Abstract

Using lumbar 5 (L5) dorsal root rhizotomy-bearing rats, we examined the extent to which L5 spinal nerve lesion (SNL)-induced mechanical hyperalgesia was governed by two peripheral components, that is Wallerian degeneration (WD) and peripherally-propagating injury discharge (PID). The contribution of WD to SNL-induced hyperalgesia was studied by excluding PID with lidocaine treatment that blocked nerve conduction temporarily, but completely at the time of injury, whereas PID was examined separately by using brief tetanic electrical stimulation of the spinal nerve mimicking PID. Following the disappearance of L5 rhizotomy-induced transient hyperalgesia, L5 SNL resulted in long-lasting mechanical hyperalgesia as early as one day post-SNL despite a PID block, highlighting the role of WD. In a comparative experiment, a delayed onset of hyperalgesia (7 days) was measured in L3 rhizotomy-bearing rats following L3 SNL with a PID block, in which injured fiber (L3) was separated from intact fibers (L4 and L5) anatomically until they meet at the peripheral terminals, supporting the importance of interactions between degenerating and adjacent intact fibers for WD-induced hyperalgesia. Tetanic electrical stimulation of decentralized L5 spinal nerve resulted in mechanical hyperalgesia developing within 1 day and persisting for 7 days.
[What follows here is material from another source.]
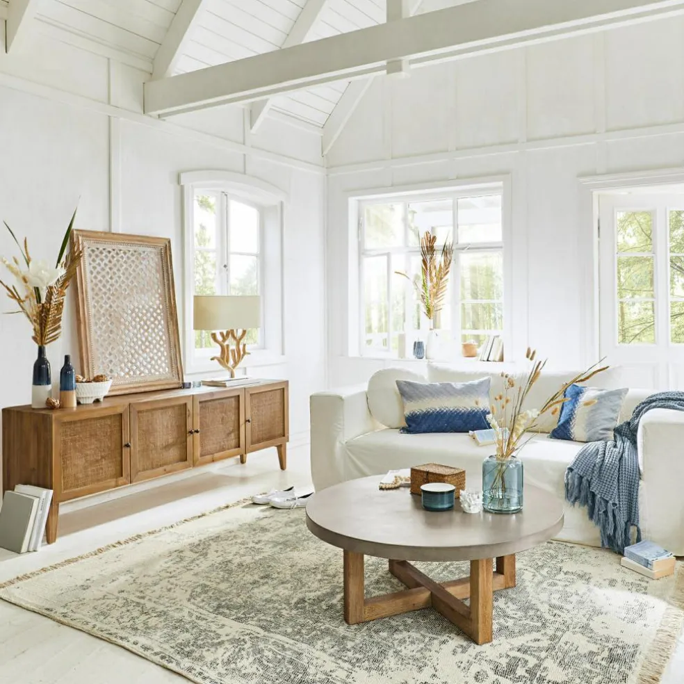 Egal zu welcher Jahreszeit – zuhause möchte man es immer stilvoll und gemütlich haben. Neben Kissen und Decken tragen auch Teppiche in einem hohen Maß zum Wohlfühlen bei. Ganz so wie dieses edle Modell, das nicht nur fantastisch aussieht, sondern auch mit einem natürlichen Garnmix verwöhnt. Durch das getuftete Herstellungsverfahren besticht er mit einem strapazierfähigen, velourigen Kurzflor, dessen wohltuender Massage-Effekt nicht nur Ihren Füßen Vergnügen bereitet. Das aufgedruckte Muster in verwaschener Optik macht den Teppich zu einem Blickfang mit Vintage-Charme. Offene Fransenkanten setzen ein gelungenes Finish. Ein Lieblingsstück, das Stil, Alltagstauglichkeit und ein Hauch von Exklusivität vereint. Durch seine dezente Farbigkeit ist der Teppich wunderbar anpassungsfähig und in vielen Räumen einsetzbar – ob im Wohnzimmer, Arbeitszimmer oder im Schlafbereich.

This hyperalgesia was prevented by lidocaine blockade of the L5 nerve, and was unaffected by lidocaine blockades of the central inputs from L3 and L4 fibers during L5 nerve stimulation, suggesting the mediation of PID-induced hyperalgesia by sensitization, not activation, of peripheral terminals of adjacent intact afferents. The similar hyperalgesia was also observed following electrical stimulation of decentralized L3 spinal nerve. Prior elimination of L4 C-fibers by local capsaicin prevented hyperalgesia induced either by L5 SNL with a PID block or by L5 nerve stimulation. These results suggest that neighboring C-afferents remaining intact after partial nerve injury play a critical role in the development of mechanical hyperalgesia through interaction with degenerating afferents, and also via peripheral sensitization by PID.